Although the second and third level at least seem meaningfully different, it is a continuum rather than a dividing line. There is no clear demarcation point where multiplying sufficiently large numbers goes from the second to the third level. On top of this, the level at which a question can be answered is agent-dependent. A powerful AI might find the examples I gave of the third level to be questions of the second, or even first level. What we would like is a definition of knowledge that differentiates questions by how much work is required to access them, while acknowledging the continuum involved.

L-Knowledge and L-Scores

Abram Demski’s definition of L-knowledge is the perfect tool to split these categories apart. An agent is said to have L-knowledge of the answer to a question if there exists a program it can run to determine the correct answer, with the program’s length plus the log of the time to run it being less than L. This program has to answer the question correctly in all states, to rule out fast and simple programs such as “always output true”, which cannot be meaningfully said to be knowledge even if they are sometimes correct. This definition could be easily modified to account for probabilistic knowledge, where the agent only needs to assign sufficiently high probability to the correct answer, but that would complicate this post for no real conceptual gain. Abram’s definition of L-knowledge also has the program output a flag for if it is even possible to answer the question, but we will simplify by only focusing on questions that can be answered^[2].

As an example, if there exists a program with a length of six units and which takes eight units of time to determine the answer to “Is there a screen in front of the camera”, then an agent who is capable of running the program can be said to have 9-knowledge of the answer (using log base 2). This also implies L-knowledge for L greater than 9, such as 10-knowledge and 31-knowledge. However, it does not imply that the agent does not have 8-knowledge of the answer — there may be some shorter or faster program to answer the same question. Rather, the existence of a program gives an upper bound on the L-knowledge of the answer. We thus define the L-score of a question to be the lowest L-value where an agent has L-knowledge of that question’s answer.

Using the specific equation used to determine L-knowledge, program length plus log time, is not particularly consequential. It suggests a particular tradeoff between program length and running time, but other equations would also have the desired properties, as long as they are increasing in both of the variables. The important takeaway is that an agent can be said to have specific levels of knowledge about the answers to various questions depending on the difficulty of accessing that information.

The Base of Knowledge

One wrench in the gears of the definition of an L-score is that the ease of determining the answer to a question often depends on which other questions have already been answered.
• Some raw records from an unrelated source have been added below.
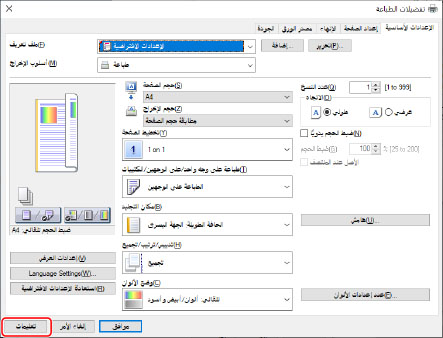 يتم عرض المساعدة بالنقر على [تعليمات] في شاشة إعدادات الطباعة لبرنامج التشغيل.
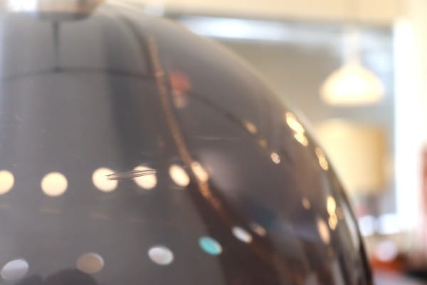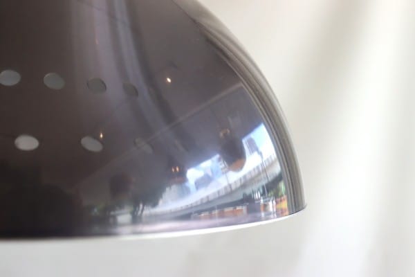 2種類のプラスチック樹脂製のシェードの組み合わせで、外側の半円型のシェードは透明感のあるスモーク、内側はAラインのシルバーのデザインです。異なったシルエットのシェードが重なっていて、視線の抜けが洒落ています。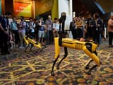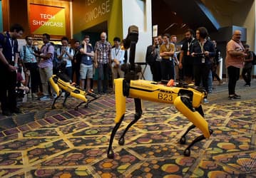 Робот-собака SpotMini компании Boston Dynamics поиграл с настоящей овчаркой и упал на презентации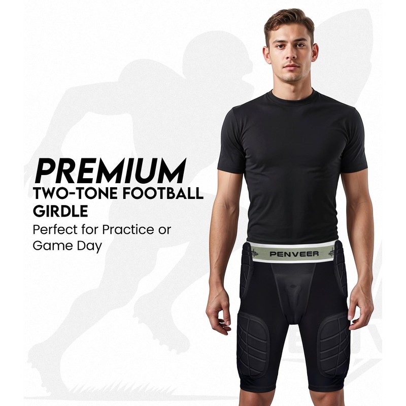 - DOMINATE WITH CONFIDENCE: Our football girdle youth boys features an integrated 5-pad system with plastic-reinforced thigh pads for enhanced protection, extended hip pads reaching the top of the waistband, and a spine pad for complete tailbone coverage.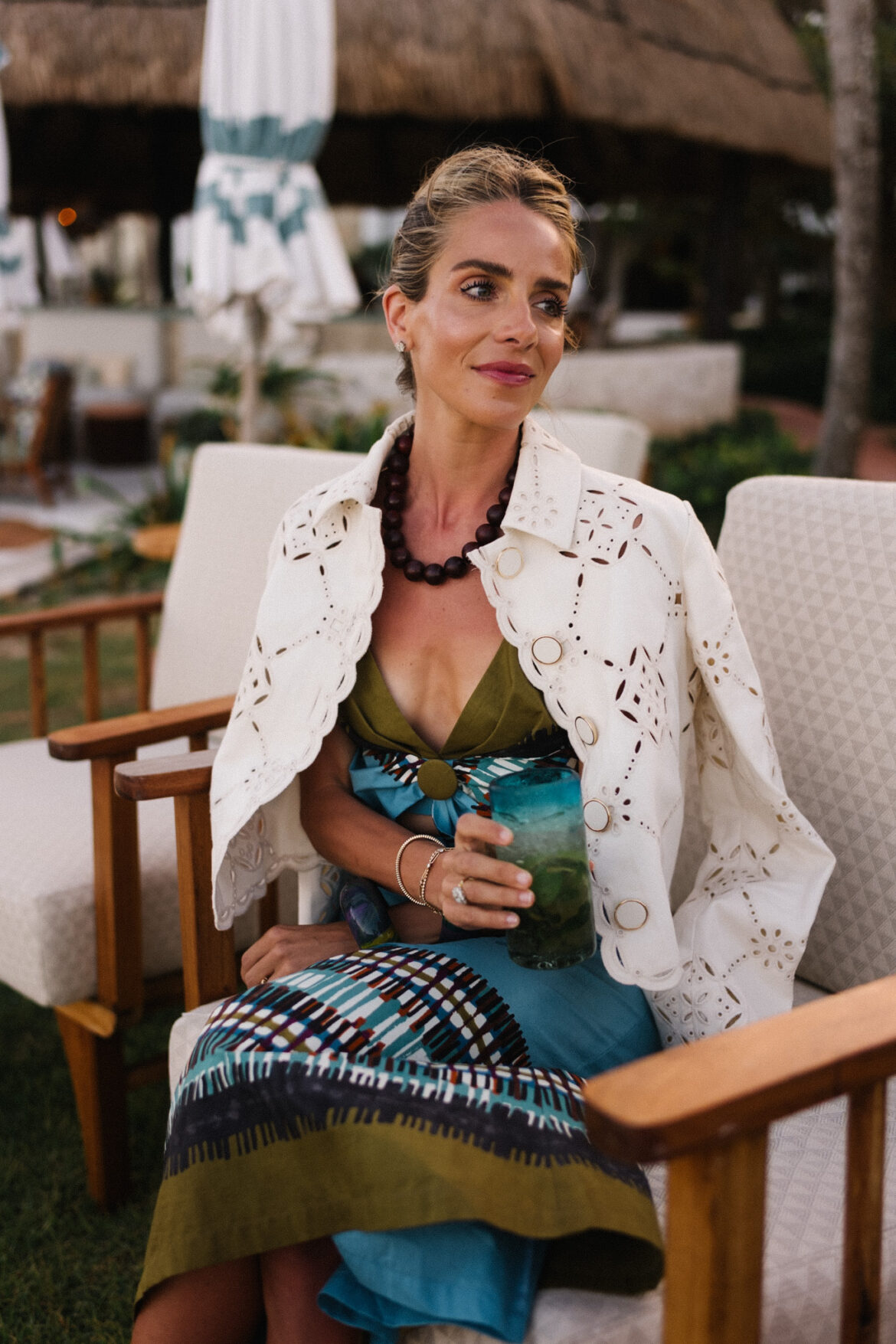 Veronica Beard Jacket, Silvia Tcherassi Top & Rock, Delvaux Bag (similaire à ici), Miu Miu Sandals et Ben Amun Halkette (similaire ici)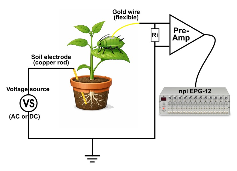 A voltage source (AC or DC) is connected to a soil electrode near the plant’s roots. A flexible gold wire is glued to the insect and connected to a preamplifying headstage. When an insect feeds on a plant, it completes a tiny electrical circuit. Changes inside the plant and insect generate measurable electrical signals:

The sum of all prime numbers under 100,000 is much easier to calculate if you already know the sum of all prime numbers under 99,000, and trivial if you know the sum of all prime numbers under 99,999. How much background knowledge should be assumed when determining if an agent has L-knowledge of an answer?

We can start with the questions for which knowing other answers would not help and no calculations need to be done, only information retrieval. For a human, these are the questions with an immediate answer, such as the previous examples given of “What is 2 times 4?” and “What is the capital of Canada?”. For the reporter, these are the questions that can be answered directly within the predictor. Without quibbling over what exactly is the minimal program length and runtime to retrieve stored information, we will call the answers to these questions base-knowledge.

With base knowledge being essentially free to access, it can be considered the minimum background knowledge for determining the L-score of answers to questions deeper in the net. We then update the definition of L-knowledge and an L-score to depend on the existence of a program whose length and run time collectively meet the joint requirement conditional on base-knowledge, which will be the definition used for the rest of this post.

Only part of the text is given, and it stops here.